18.12.2014
Por Denise Fraga
Depois de anos a fio tentando engravidar, tratamentos sofisticadíssimos e muito medo de encarar a vida de frente, Catarina tomou coragem, olhou nos olhos de seu velho amado e fez a pergunta:
- Vamos adotar uma criança?
Ele nunca tinha tocado em tal possibilidade. Eles se amavam muito, eram cúmplices, mas esse terreno parecia minado. O número de investidas em tratamentos, com tantas esperanças esvaídas em sangue, já parecia ser em si um não à pergunta secreta que ela nunca permitiu que lhe saísse da garganta. Mas os anos estavam passando e Catarina não quis mais deixar a vida passar. Falou. Forte e lúcida.
A pergunta estalou no ar e, ao ouvi-la, ele chorou. Também ele nunca teve coragem de perguntar o que ela não tinha coragem de perguntar. Simples assim. Absurdo assim. E ao ouvir em voz alta a pergunta secreta, a vida se abriu em possibilidades. Voltaram a fazer amor sem resquícios científicos, esperando o bebê chegar. Tiago chegou um ano depois, já menino. Um lindo molequinho negro de 3 anos de idade. Foram para as cabeças sem exigir nada. Se inscreveram na universidade do amor e esperaram seu filho sem medo.

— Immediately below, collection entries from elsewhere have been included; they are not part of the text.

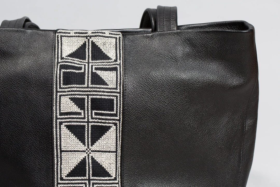 A market tote bag to carry everything you might need in a day. Each bag is hand-embroidered by refugee and low-income women artisans with a traditional Palestinian tatreez design, the “Road of Egypt” motif, and crafted with locally sourced leather in Al Khalil (Hebron). Lined with cotton and designed with an interior pocket, zipper closure and magnet snap.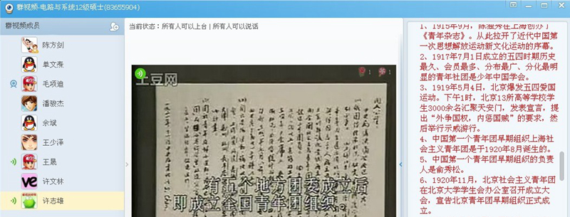 我们团支部在QQ群视频里为大家播放了视频“中国共青团发展的历史”,从1919年的五四运动开始,到中华人民共和国成立以后,视频讲述了这一段时期共青团的历史状况,从共青团的成立到国家的建立,团史就是一部抗战史,就是一部中国人民一步步走过来的辉煌路,看过视频后,另自己也学到了很多新的知识。视频给了大家很形象的直观感受,而文字的讲解,则给了大家更好的理解和记忆,让这一次宣讲更加深入,更加富有意义。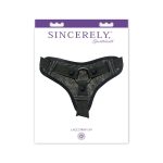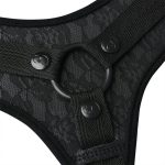 Sportsheets Midnight Lace Strap On Black One size fits most. Luxurious to the eyes and to the touch, this gorgeous strap-on harness allows you to engage in penetrative sex with elegance. The simple panel design leaves little to the imagination as your plaything devours you with their senses. With 4 points of adjustment, you will be able to achieve the perfect fit, the jock-style straps sensually hugging your ass. Just insert your favorite dildo in the O-ring, or if your dildo is a different size, easily unsnap the O-ring to switch it out for another. You will captivate your partner’s gaze long before you penetrate their hole. The velvety, fine lace fabric of this strap on is part of the pleasure as it comfortably hugs your contours. Keeps your toy securely in place. 4 way adjustable harness fits up to 60 inches hips. Accommodates dildos with a flared base. Machine washable. Materials: polypropylene, polyester, polyurethane, nylon, nickel free metal, Spandex, nitrile. Includes 1 4 way adjustable harness fits up to 60 inches hips, interchangeable rubber. O ring 1.5 inches. Please note harness only. Limited Lifetime Warranty, Sportsheets will replace any defective product. If the product is not available, Sportsheets will replace it with a similar product of similar function. No video. 2021.
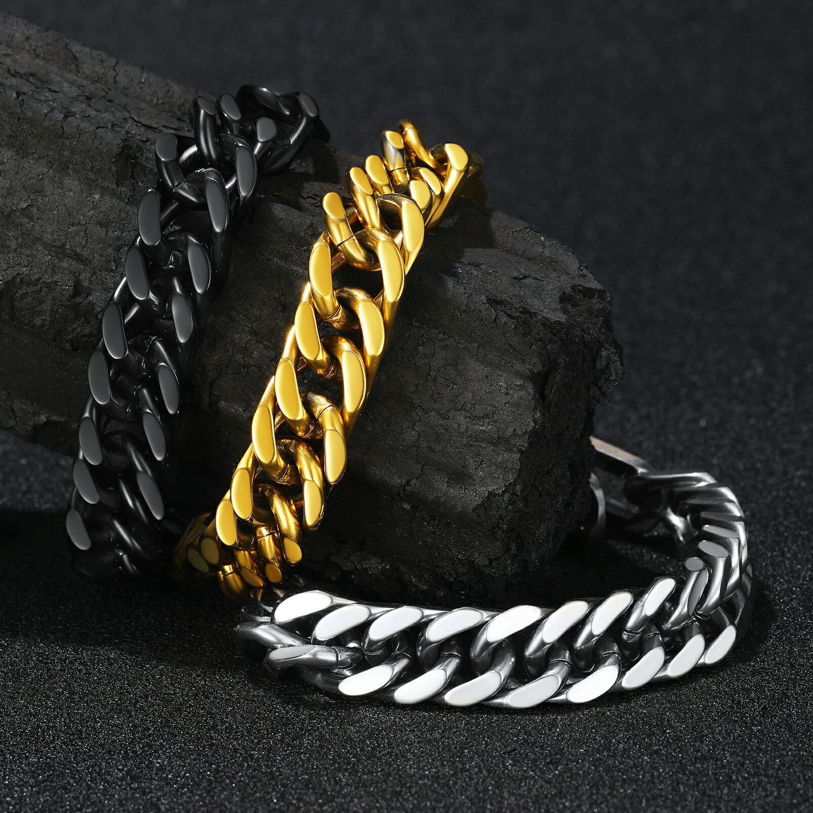 ブレスレット メンズ ステンレス 喜平ブレスレット 金属アレルギー対応 シルバー ゴールド ブラック 19cm 21cm 23cm 幅8mm 12mm 17mm シンプル 中折れ式 錆びない シンプル アクセサリー ジュエリー

Na semana passada, participei de um programa de entrevistas cujo tema era adoção e me lembrei muito dessa história. No debate, estava uma moça com um particular brilho no olhar. Ela e seu marido tinham adotado um menino e, depois de alguns meses, o telefone tocou perguntando se eles não queriam também ficar com mais dois. Gêmeos. Em um ano, viraram uma família de cinco. Fabiana, então escreveu um livro infantil chamado Nascer É Assim Também para ajudar seus pequenos a compreender essa história. O livro é uma graça e não para de ser procurado por mais e mais famílias que andam por aí ensinando sobre amor. Mas o que mais me chamou a atenção em Fabiana foi sua clareza e leveza. Uma pessoa disponível para o amor, sem medo e com absoluta certeza de que seus filhos eram seus desde sempre, desde que nasceram em outro lugar, para acabar chegando ao seu colo.
A plenitude de Fabiana era tanta que espalhava a ideia de que a Grande Mãe Terra gera mesmo seus filhos independentes de suas mães. Fabiana não tinha filhos de criação. Ela, sim, era uma mãe adotada pelo cosmo para conduzir os seus pequenos. Como Catarina, que, sem saber, já trazia seu embrião na pergunta secreta trancada na garganta. Como todas nós, quando ainda brincávamos de casinha.